- _WORK TO COMPLETE_:
In the entries below, begin at the line that has "大きなお耳にコロンとした丸い", stop after the line that has "Diese Materialien bieten", and output those lines exactly with no pictures.

- _THE DATA_:
═══
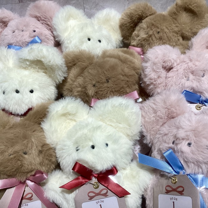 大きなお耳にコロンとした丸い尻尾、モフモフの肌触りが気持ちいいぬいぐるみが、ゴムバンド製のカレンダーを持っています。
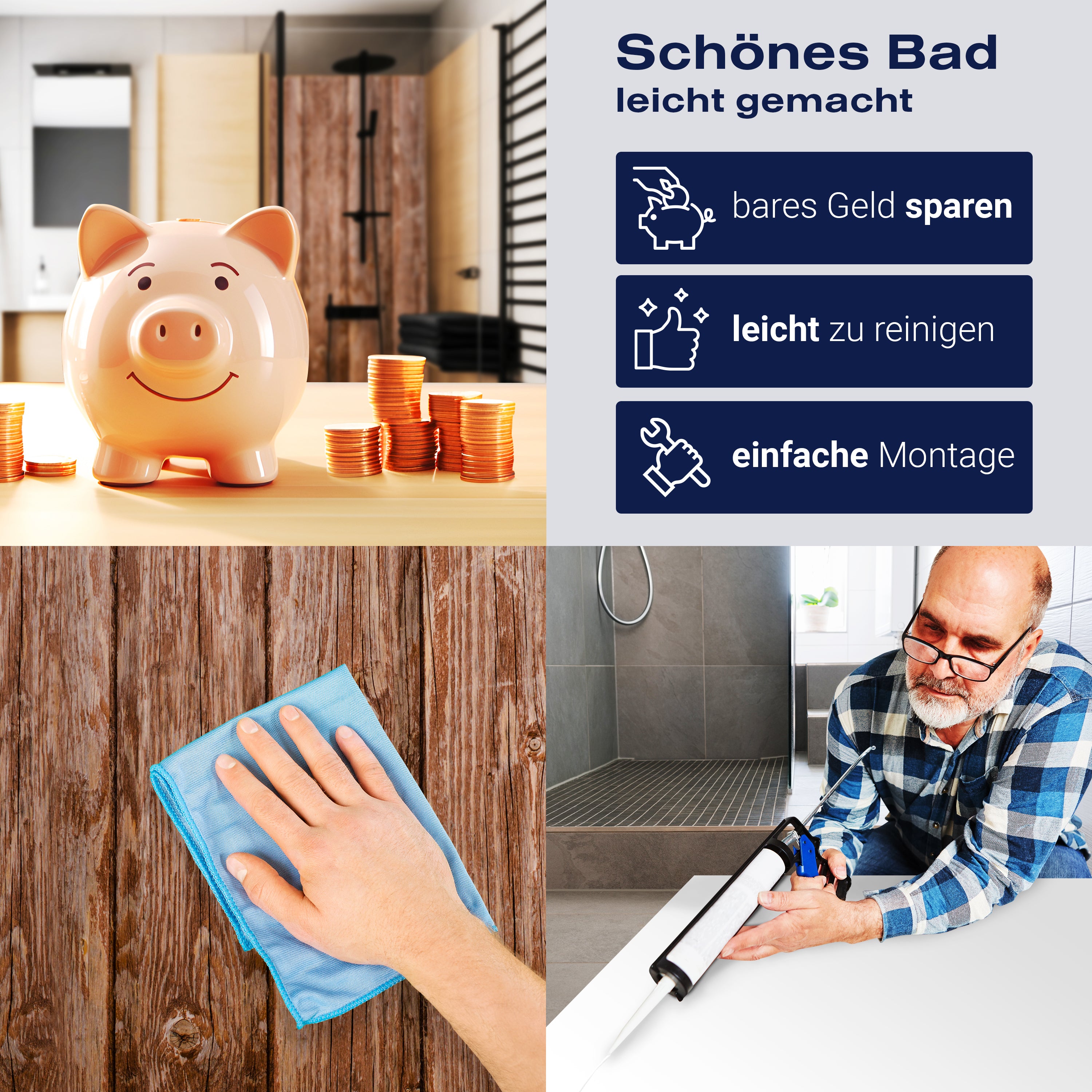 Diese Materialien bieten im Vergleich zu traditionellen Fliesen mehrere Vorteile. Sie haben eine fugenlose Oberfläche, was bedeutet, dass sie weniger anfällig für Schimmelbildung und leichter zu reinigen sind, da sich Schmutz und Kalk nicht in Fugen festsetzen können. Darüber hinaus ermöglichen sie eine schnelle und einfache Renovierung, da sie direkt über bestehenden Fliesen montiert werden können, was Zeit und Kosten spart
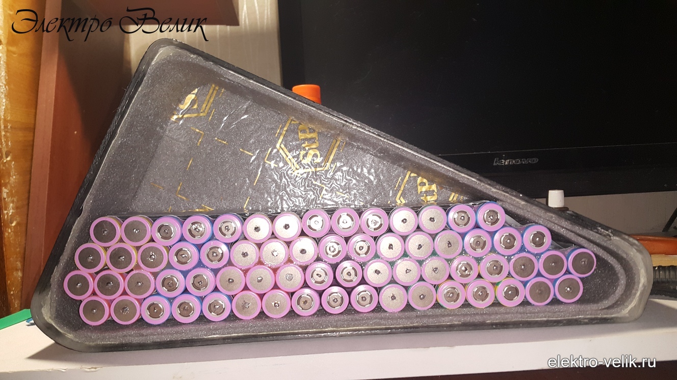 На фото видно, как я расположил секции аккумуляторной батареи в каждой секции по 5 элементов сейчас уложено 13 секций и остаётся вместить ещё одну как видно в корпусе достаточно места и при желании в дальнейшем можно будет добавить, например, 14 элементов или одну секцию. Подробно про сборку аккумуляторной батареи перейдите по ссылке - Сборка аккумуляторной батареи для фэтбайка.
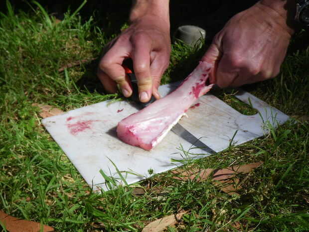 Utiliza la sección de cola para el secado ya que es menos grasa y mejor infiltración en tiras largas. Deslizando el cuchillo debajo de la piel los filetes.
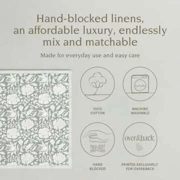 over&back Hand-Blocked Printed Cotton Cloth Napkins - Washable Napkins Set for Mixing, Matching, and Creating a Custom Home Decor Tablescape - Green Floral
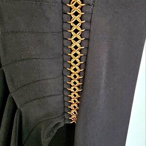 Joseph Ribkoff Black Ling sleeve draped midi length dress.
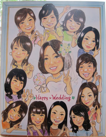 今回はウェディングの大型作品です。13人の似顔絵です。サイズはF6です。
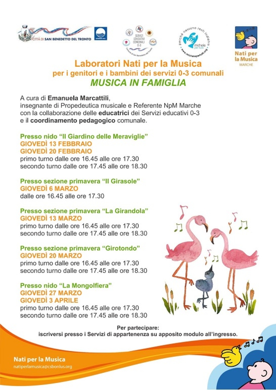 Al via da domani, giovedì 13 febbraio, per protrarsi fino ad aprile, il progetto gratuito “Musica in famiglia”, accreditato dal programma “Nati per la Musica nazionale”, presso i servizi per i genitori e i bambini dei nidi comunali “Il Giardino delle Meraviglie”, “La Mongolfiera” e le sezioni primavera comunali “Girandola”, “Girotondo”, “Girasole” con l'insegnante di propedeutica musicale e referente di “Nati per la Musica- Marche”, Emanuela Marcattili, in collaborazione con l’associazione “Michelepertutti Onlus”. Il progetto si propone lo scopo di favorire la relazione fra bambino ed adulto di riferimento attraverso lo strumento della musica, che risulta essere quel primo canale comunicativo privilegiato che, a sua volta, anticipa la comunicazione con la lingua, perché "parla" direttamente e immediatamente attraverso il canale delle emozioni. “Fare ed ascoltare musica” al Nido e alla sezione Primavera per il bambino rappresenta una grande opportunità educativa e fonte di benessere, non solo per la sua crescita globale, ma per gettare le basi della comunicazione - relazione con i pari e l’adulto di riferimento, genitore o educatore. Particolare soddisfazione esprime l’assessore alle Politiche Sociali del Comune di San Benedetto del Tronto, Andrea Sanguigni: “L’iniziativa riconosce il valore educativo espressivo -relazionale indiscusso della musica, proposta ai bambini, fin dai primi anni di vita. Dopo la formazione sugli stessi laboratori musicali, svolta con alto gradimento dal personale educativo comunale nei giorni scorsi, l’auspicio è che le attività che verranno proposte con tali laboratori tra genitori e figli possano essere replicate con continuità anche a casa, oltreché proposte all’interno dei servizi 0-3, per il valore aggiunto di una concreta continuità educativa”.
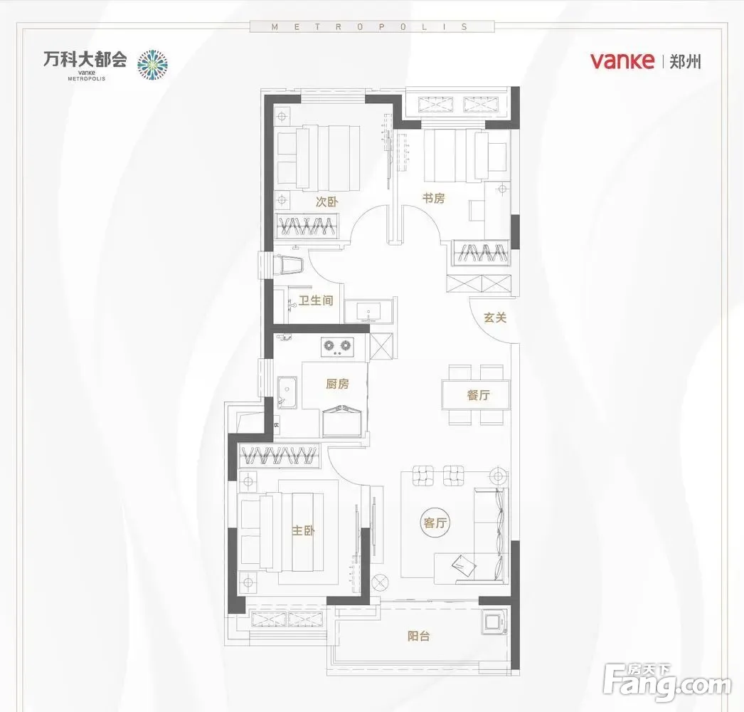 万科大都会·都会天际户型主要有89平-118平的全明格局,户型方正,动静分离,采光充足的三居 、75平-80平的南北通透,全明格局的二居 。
═══
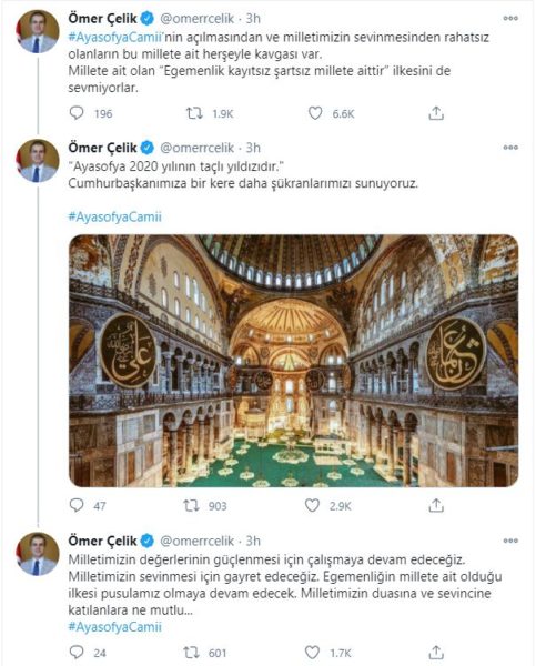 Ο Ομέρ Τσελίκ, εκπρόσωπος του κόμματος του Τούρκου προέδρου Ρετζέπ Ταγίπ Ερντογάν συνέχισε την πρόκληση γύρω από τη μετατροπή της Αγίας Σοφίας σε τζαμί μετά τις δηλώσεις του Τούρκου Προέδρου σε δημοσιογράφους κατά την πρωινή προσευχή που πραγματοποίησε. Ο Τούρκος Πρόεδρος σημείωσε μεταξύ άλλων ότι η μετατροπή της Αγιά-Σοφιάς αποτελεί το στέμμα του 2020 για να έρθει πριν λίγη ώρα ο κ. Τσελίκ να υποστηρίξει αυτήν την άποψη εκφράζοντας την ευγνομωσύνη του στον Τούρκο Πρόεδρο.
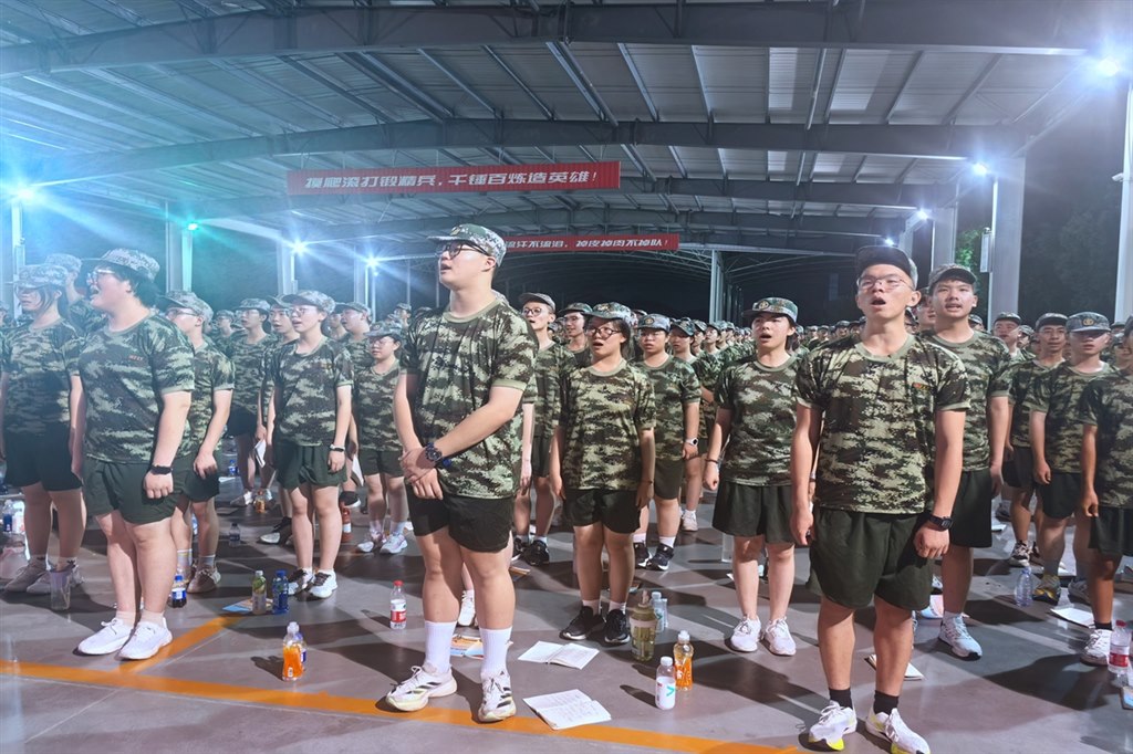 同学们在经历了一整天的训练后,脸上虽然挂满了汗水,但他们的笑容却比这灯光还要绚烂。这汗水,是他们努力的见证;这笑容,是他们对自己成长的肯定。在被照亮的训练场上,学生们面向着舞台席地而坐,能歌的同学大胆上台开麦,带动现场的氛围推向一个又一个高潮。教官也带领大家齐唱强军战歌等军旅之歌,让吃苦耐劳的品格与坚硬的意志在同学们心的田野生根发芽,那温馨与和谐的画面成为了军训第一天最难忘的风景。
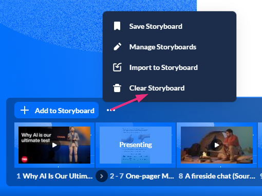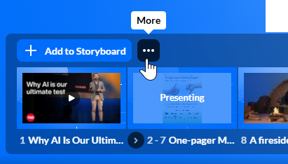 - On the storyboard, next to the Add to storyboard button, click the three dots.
═══
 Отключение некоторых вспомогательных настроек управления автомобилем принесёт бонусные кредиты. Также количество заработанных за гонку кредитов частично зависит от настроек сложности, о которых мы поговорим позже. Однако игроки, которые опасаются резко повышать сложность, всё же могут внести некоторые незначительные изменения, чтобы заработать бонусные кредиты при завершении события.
═══
- _RESPONSE_:
 大きなお耳にコロンとした丸い尻尾、モフモフの肌触りが気持ちいいぬいぐるみが、ゴムバンド製のカレンダーを持っています。
 Diese Materialien bieten im Vergleich zu traditionellen Fliesen mehrere Vorteile. Sie haben eine fugenlose Oberfläche, was bedeutet, dass sie weniger anfällig für Schimmelbildung und leichter zu reinigen sind, da sich Schmutz und Kalk nicht in Fugen festsetzen können. Darüber hinaus ermöglichen sie eine schnelle und einfache Renovierung, da sie direkt über bestehenden Fliesen montiert werden können, was Zeit und Kosten spart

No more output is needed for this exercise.